The Purple Heart is the oldest military decoration in present use. It was initially created by Gen. George Washington in 1782 as the Badge of Military Merit. It is awarded to any member of the Unites States Armed Services wounded or killed in combat with a declared enemy of the United States.
Putnam’s Director of Veterans Affairs Karl Rohde is also pleased about Putnam becoming the first county in New York to be designated a Purple Heart County.
“In keeping with the tradition of Putnam being the best county in the United States regarding veterans, we’re very proud to be the first Purple Heart County,” he said.

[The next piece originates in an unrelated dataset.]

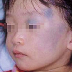典型的な太田母斑は青紫色から灰紫青色で、そこに薄い褐色の小色素斑が混在します。褐色が目立つと茶アザやソバカス、シミと誤診されることもあります。従ってシミと思っていても淡褐色斑に青色ないし灰紫色が混じっていたり、点状の色素斑が混じていたりする場合は太田母斑の可能性があります。しばしば白眼のところに青色の色素斑が存在すると出生時に顔に色素斑が存在しなくても、ほとんどの症例が思春期までに顔に青あざを生じ、拡大します。
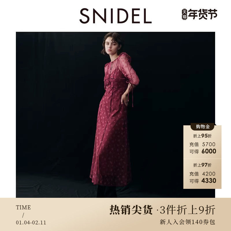 SNIDEL秋冬款优雅气质薄纱收腰植绒碎花连衣裙SWFO245031

Castelli, a veteran and Purple Heart recipient, resides in Putnam and serves as the County Historian, a position he relishes.
“Many states, counties and towns across our great nation are honoring our veterans with this simple act of patriotism,” Castelli said.
When asked how many Purple Heart recipients resided in Putnam now, Castelli was unable to supply that information.
“There is no answer to this question and no manner to find out,” Castelli said. “The only repository for this information is the Department of Defense and they are not talking.”
Castelli provided a list of interesting but little known facts concerning Putnam’s earliest veterans. Foremost, is Gen. Israel Putnam. While a resident of neighboring Connecticut, it was this American Revolutionary War hero for whom Putnam County was named.
According to Castelli’s list, Putnam had four fighting generals during the Civil War (and there were two ironclad ships that bore the name of the USS Mahopac at that time. In addition, two Putnam residents died with Gen. George Custer at Little Big Horn; the Borden Milk Factory in Brewster produced and distributed condensed milk to Union troops during the Civil War substantially reducing incidents of dysentery; and Gen. Daniel A. Butterfield, who received a Congressional medal of Honor for his service during the Civil War, is credited with composing the bugle call “Taps.” Other Putnam Congressional Medal of Honor recipients include Abraham K. Arnold, Samuel N. Benjamin, William J. Brewer and John McCloy who was awarded two such medals.
Castelli also pointed out that the Parrott Rifle, a cannon, was designed by Captain Robert Parker Parrott, an 1824 West Point graduate and Cold Spring resident, at his West Point Foundry in Cold Spring.